40 years ago, you could not imagine the depth of change we are witnessing. On Tuesday, Elon Musk announced a new step on his path to the brain iPhone. His company, Neuralink, implanted a chip into a patient’s gray matter. It’s not even the first to do so: many have already been implanted and are used to experimentally treat Parkinson’s disease, epilepsy, to improve speech or cognition. A man completely immobilized by ALS, who had never spoken to his four-year-old son, was able to suggest that they watch a Disney film together thanks to this neurotechnology. But Musk’s tweet (this is all the information we have) caused a lot of excitement: because we know that the scale of his ambitions is only comparable to those of his verbal diarrhea.
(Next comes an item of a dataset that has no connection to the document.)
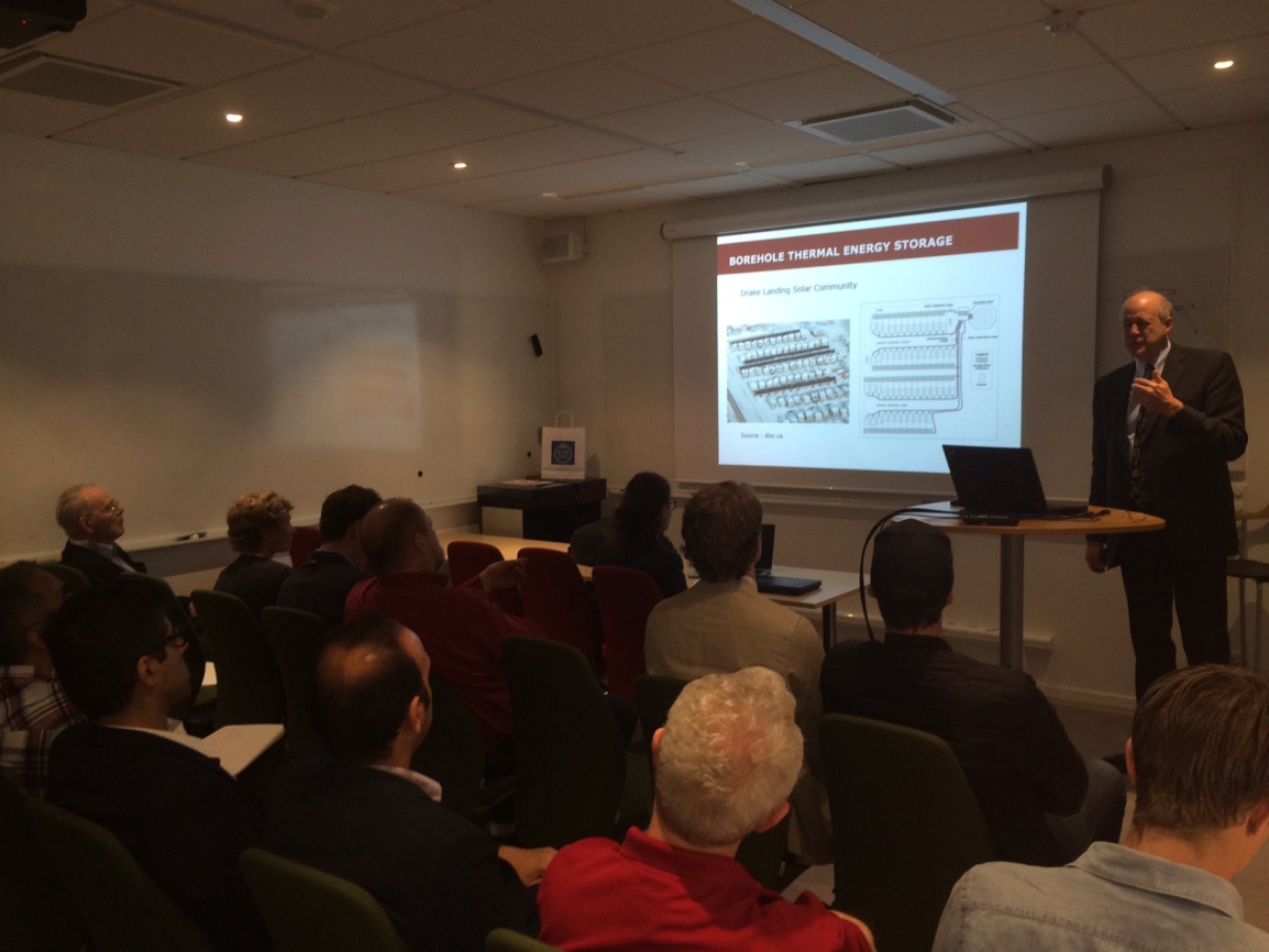 Almost 40 representatives from the ground source heat pump industry and academy visited KTH for an open seminar about ground source and solar systems. Prof. Bernier, the keynote speaker, talked about his experience with design of borehole heat exchangers and about the latest research carried out by his group at EPM. Information was also given about the Drake Land Solar Project, an installation that Prof. Bernier has been following up. Prof. Bernier. Bore field sizing: Theory and applications (pdf 6.7 MB)

Musk doesn’t like to wait for the light to turn green: Neuralink carried out the implantation while he had a complaint on the table for the death of twelve monkeys during the experimental phase of these chips. Its first product, called Telepathy, is designed to allow people with disabilities to control devices with their minds. But its ambition encompasses deep integration between the human brain and artificial intelligence, connecting us to machines to improve our cognitive abilities, instantly accessing information and communicating through thought. Push the boundaries of the human experience.
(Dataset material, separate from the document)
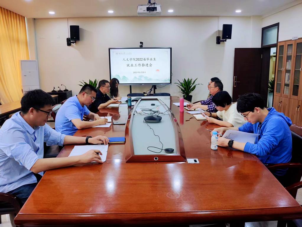 为更好推进2022届毕业生就业工作,助力毕业生顺利高质量就业,2022年5月25日下午,九色視頻 于人文楼213会议室召开2022届毕业生就业工作推进会。院党委书记江秀景、副书记魏一、学工办主任刘纪峰、辅导员李丹萍以及各毕业班班主任参会,会议由院党委副书记魏一主持。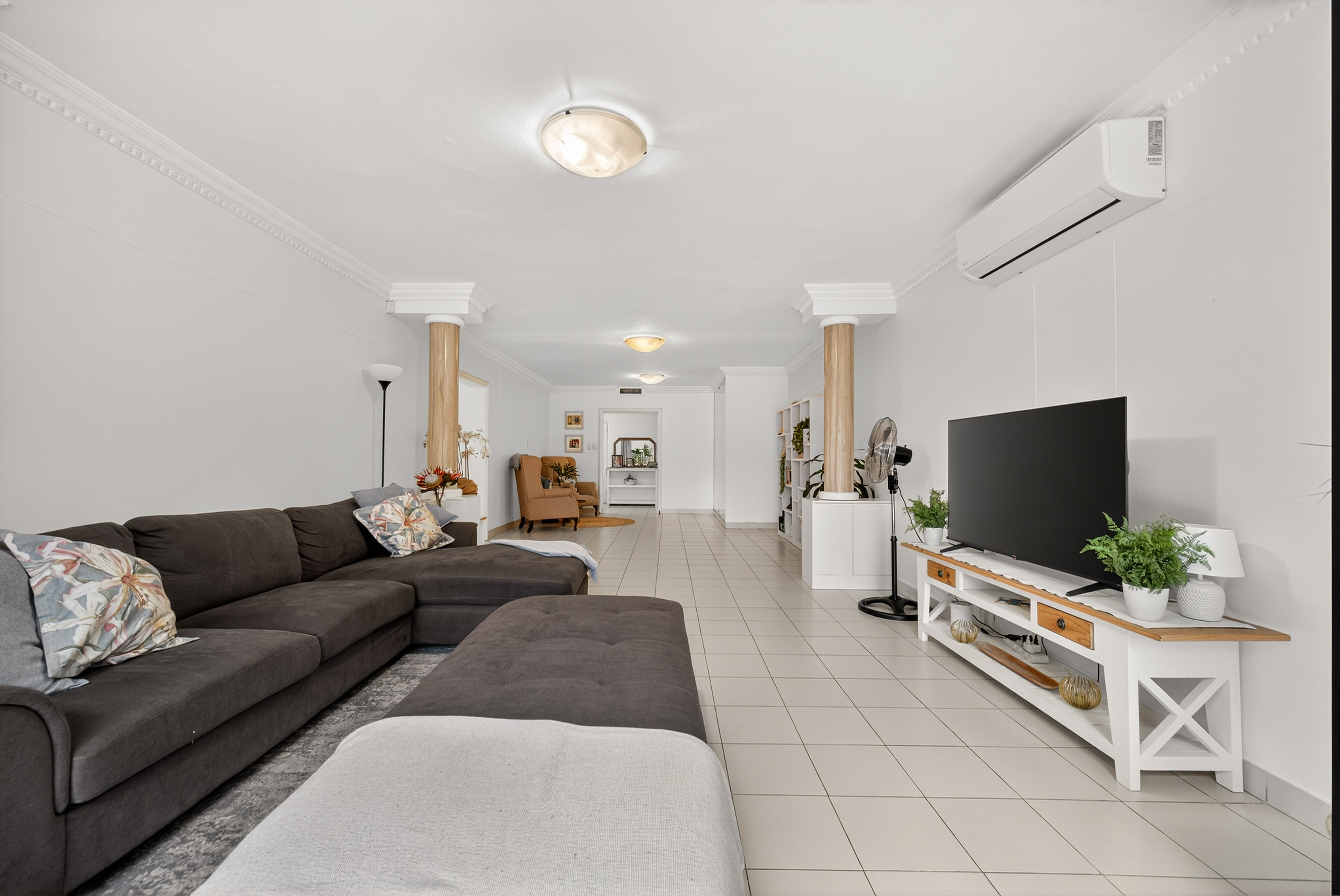The house has lounge and dining areas, a TV lounge and a kitchen with plenty of space for all appliances.

Are we going to hand our brains over to Musk? The trajectory of any emerging technology always leans toward money. Artificial intelligence is already in the hands of technocapitalism, more concerned with making us waste time using its products than with improving humanity. Of the 30 largest neurotechnology companies in the world, all but one choose to share our brain data with other companies.
It is precisely for this reason that neuroscientists like Rafael Yuste, from Columbia University, have been promoting the promulgation of neurorights for years: because they know that with implants like Musk’s we can, already today today, read minds, modify behavior, alter perception. “We have a historic responsibility. “We are in a time where we can decide what kind of humanity we want,” he assured me as he launched his campaign. Today, he tells me during a video call, he continues to try to get countries to legislate “beyond declarations of intent,” like the one he promoted. Spain in the EU.
All this news shows that technology will extend our thoughts and our personality beyond our environment, beyond our life and even beyond our will. Did deceased grandparents want to go have fun The anthill? Will avatars grow up with the babies of the future? Has anyone thought about naked women and pornonifiedfrom Taylor Swift to Almendralejo, developing those apps?